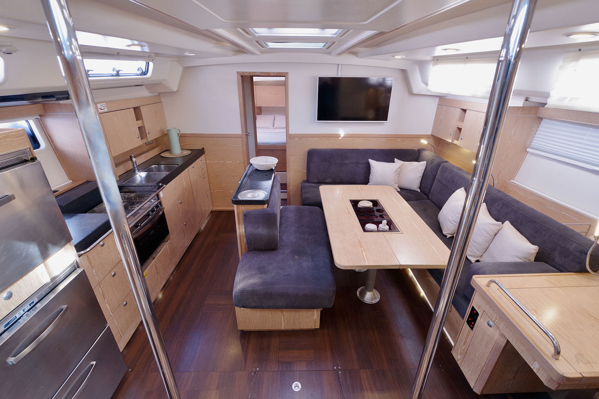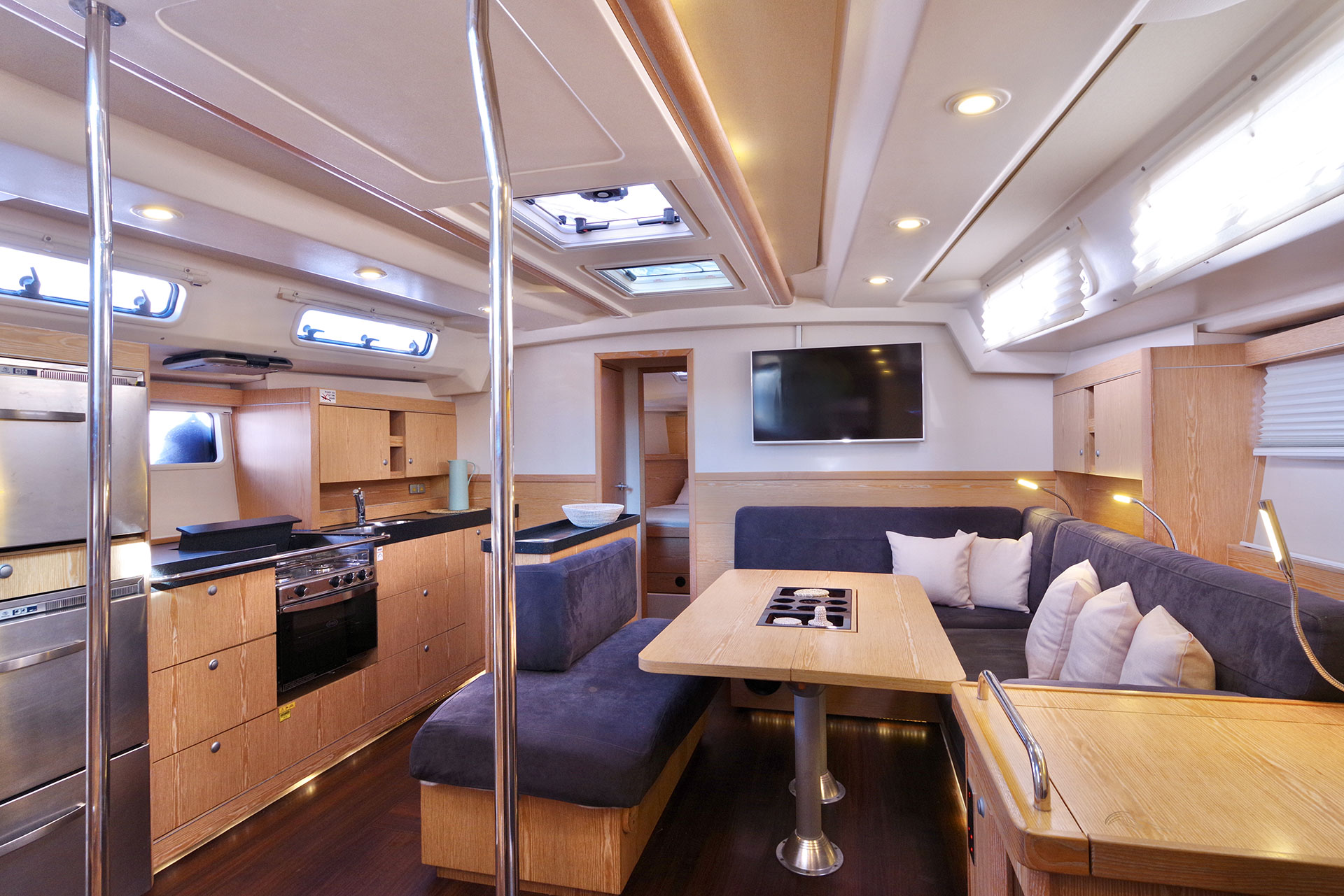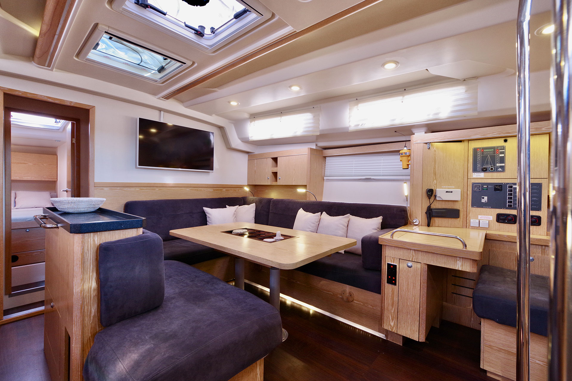 | Outside | Badeplattform, Biminitop, Cockpitdusche, Cockpitpolster, Cockpittisch, Solaranlage, Sprayhood, Teak im Cockpit |
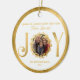 Simple faux foil, elegant and understated family photo "Wishing You A Holiday Season Filled With Peace, Love and Joy" wreath design with centre circular photo Christmas holiday design. Outer ring, letters "J" and "Y" in "Joy", and the leaves encircling the photo are faux foil. Top and bottom text is gold-toned (but not faux foil). Back is blank solid colour with faux foil accent ring. These make great package adornments during the holiday season and gifts to grandparents, other family and friends.
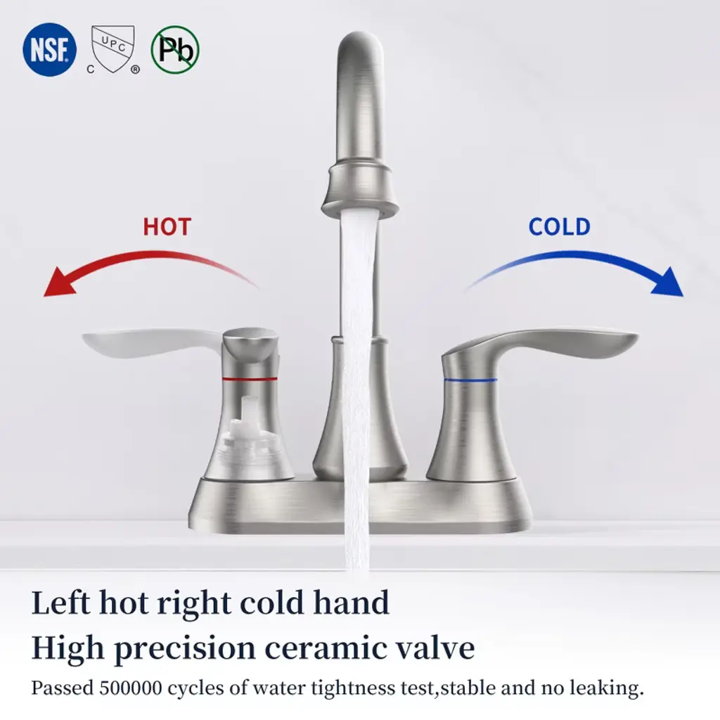ChicFurnit Bathroom Sink Faucet features premium anti-scratch, rust-resistant construction for long-lasting durability. The dual metal handles offer precise control over water temperature and flow, while the water-efficient aerator ensures a splash-free flow. Easy to install with all necessary components included, this faucet features a 360-degree swivel nozzle for maximum flexibility in the bathroom. Ideal for both small and large spaces, it combines style and efficiency.

++++++++++

§ **Assigned task**
Your task is an exact transcription of all the data, minus the pictures.

§ **Exercise answer**
 | Outside | Badeplattform, Biminitop, Cockpitdusche, Cockpitpolster, Cockpittisch, Solaranlage, Sprayhood, Teak im Cockpit |
 Simple faux foil, elegant and understated family photo "Wishing You A Holiday Season Filled With Peace, Love and Joy" wreath design with centre circular photo Christmas holiday design. Outer ring, letters "J" and "Y" in "Joy", and the leaves encircling the photo are faux foil. Top and bottom text is gold-toned (but not faux foil). Back is blank solid colour with faux foil accent ring. These make great package adornments during the holiday season and gifts to grandparents, other family and friends.
ChicFurnit Bathroom Sink Faucet features premium anti-scratch, rust-resistant construction for long-lasting durability. The dual metal handles offer precise control over water temperature and flow, while the water-efficient aerator ensures a splash-free flow. Easy to install with all necessary components included, this faucet features a 360-degree swivel nozzle for maximum flexibility in the bathroom. Ideal for both small and large spaces, it combines style and efficiency.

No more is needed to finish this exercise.